How to complete this task
The material below is to be copied exactly from the line with "Problem: The concrete" up to and including the line with "Pull long Femme", with nothing else kept and no pictures.

═════ Available data

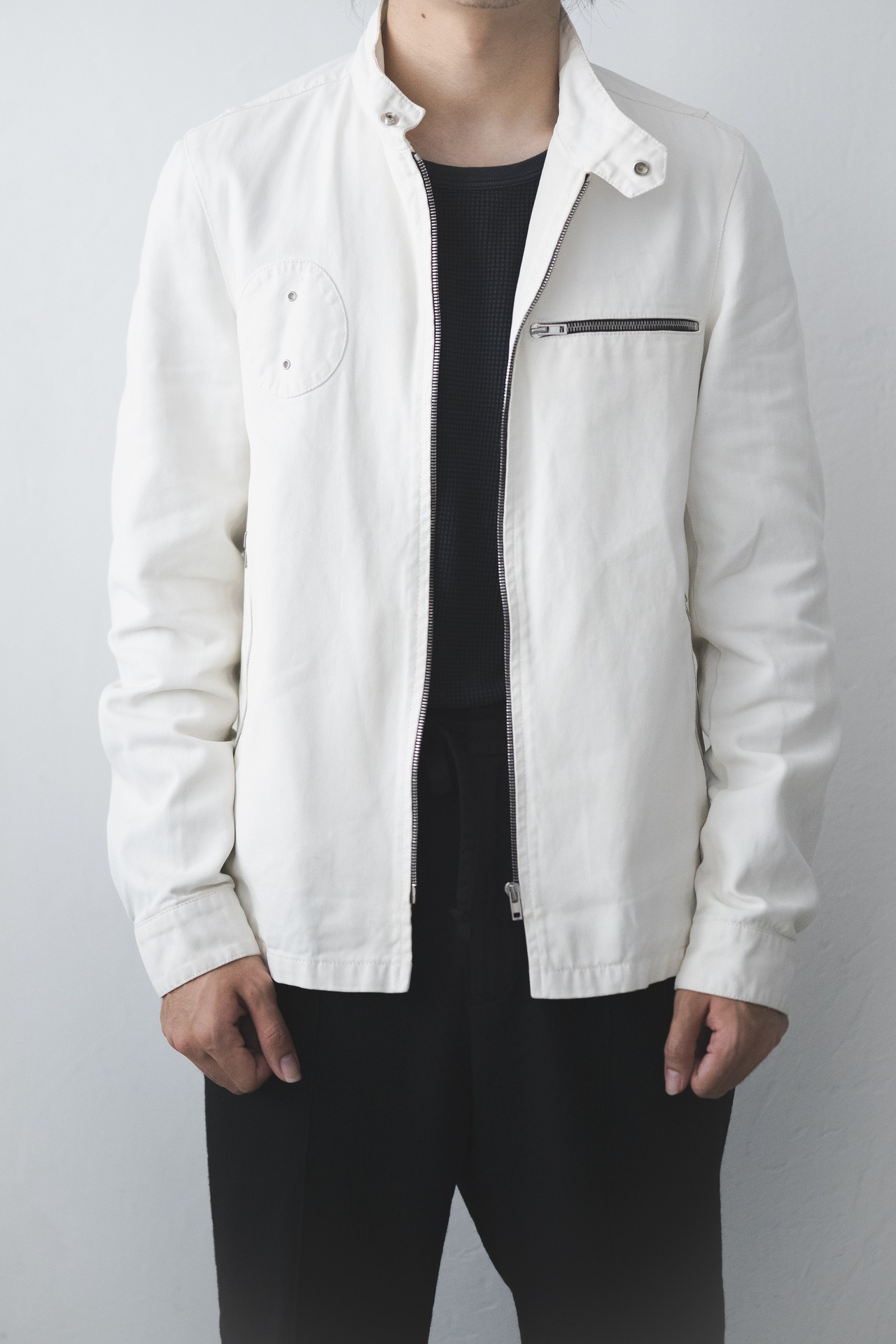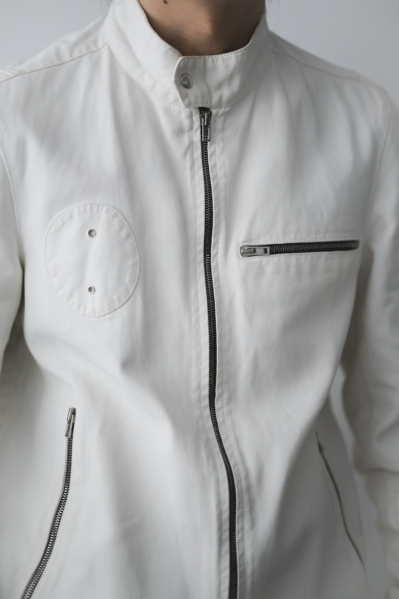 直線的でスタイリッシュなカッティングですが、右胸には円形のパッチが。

══════════
═════ Available data

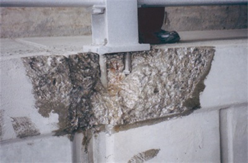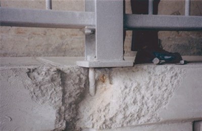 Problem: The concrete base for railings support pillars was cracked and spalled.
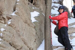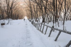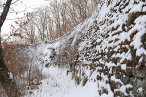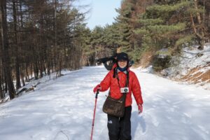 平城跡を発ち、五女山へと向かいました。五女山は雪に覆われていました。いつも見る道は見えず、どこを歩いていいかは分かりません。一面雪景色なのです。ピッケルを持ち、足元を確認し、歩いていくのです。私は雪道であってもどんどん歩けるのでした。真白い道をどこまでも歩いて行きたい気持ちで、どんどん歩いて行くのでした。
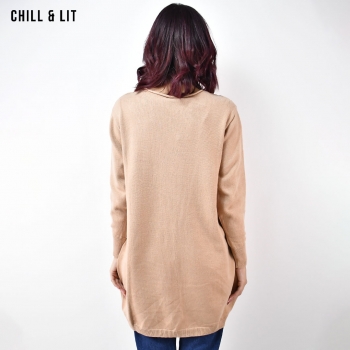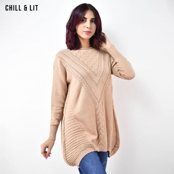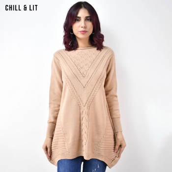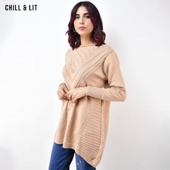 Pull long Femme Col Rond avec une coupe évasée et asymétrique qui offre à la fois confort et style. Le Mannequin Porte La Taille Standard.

══════════

Exercise solution
 Problem: The concrete base for railings support pillars was cracked and spalled.
 平城跡を発ち、五女山へと向かいました。五女山は雪に覆われていました。いつも見る道は見えず、どこを歩いていいかは分かりません。一面雪景色なのです。ピッケルを持ち、足元を確認し、歩いていくのです。私は雪道であってもどんどん歩けるのでした。真白い道をどこまでも歩いて行きたい気持ちで、どんどん歩いて行くのでした。
 Pull long Femme Col Rond avec une coupe évasée et asymétrique qui offre à la fois confort et style. Le Mannequin Porte La Taille Standard.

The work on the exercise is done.